In the face of what he calls “incalculable” damage being done by the U.S. prison system to millions, particularly communities of color and those of limited economic means, Kramer says “the thing that keeps me going is that people created this mess, and if people created it, people can fix it.” Jail Guitar Doors’s first approach is on the ground: “Wayne calls up a prison warden and says, ‘This is who I am, I’d like to give you some guitars,'” says Kramer. “That can take months—I’ve had them say don’t call back, but of course I called them back.”
On top of that is the political solution, which Kramer says can have surprising positive effects if you keep an open mind and stay focused on the result. “Part of my energy is going to Washington and holding our elected representatives’ feet to the fire,” says Kramer. “Being able to improvise as a musician has actually helped. I had lunch with a friend who was part of the Clinton cabinet, and we were talking about how the political right has formed a prison reform movement, based on what they claim is government overreach and not getting a bang for our buck. I said, ‘Newt Gingrich and Grover Norquist started this movement.’ And he said ‘Grover is sitting right behind us.’ So he introduced us and we exchanged information, and we’ve been writing about how maybe we will work together. I think the guy is a jerk, but if he’s for prison reform and we have something in common, maybe we can work together.”

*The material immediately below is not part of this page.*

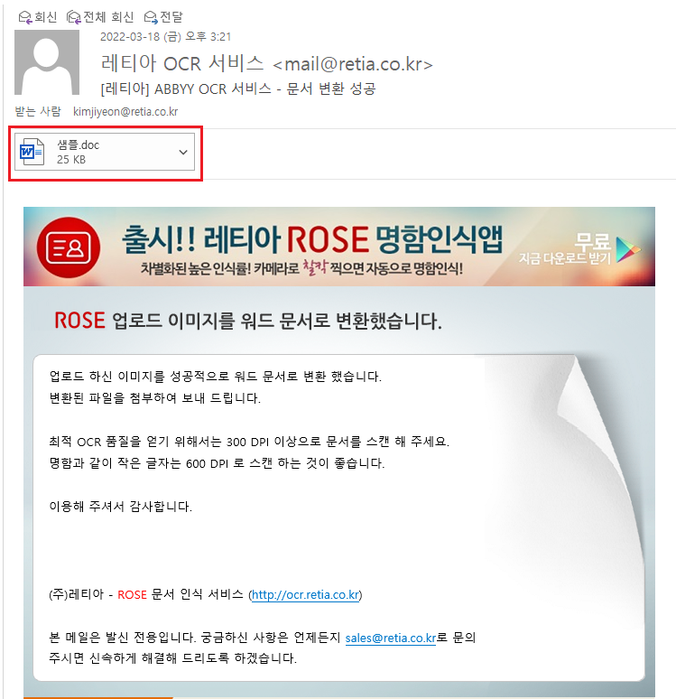 스캔한 문서파일, 이미지, PDF파일을 온라인 상에서 워드 파일로 변환 하는 방법을 알려드릴게요. 별도로 변환프로그램을 설치하지 않아도 되어 매우 편리 합니다. 레티아에서 제공하는 OCR엔진을 사용한 무료 서비스로 업로드한 이미지를 워드 또는 엑셀파일로 변환할 수 있는데요. 변환 결과는 메일로 자동 발송 됩니다.

But turning your skills into doing good doesn’t necessarily mean founding your own organization—putting real work into something that matters to you, even if you’re helping a cause that already exists, is what makes the difference. If you want, for example, to put on an event to raise money for an organization, use them as a resource and then do the heavy lifting. “My experience with most nonprofits is that they’re stretched so thin that they will have a hard time organizing your event,” says Kramer. “So the more you can do yourself the more likely it will be to happen. If you want to do something, that’s what matters.”
Just as important, he says: “Don’t spend a lot. We did a benefit, had a great venue, great artists, but the first couple of years we broke even. We don’t fly people in or put people up anymore; we use local artists, get people to donate the food. Be proactive. You have to keep your eye on the mission.”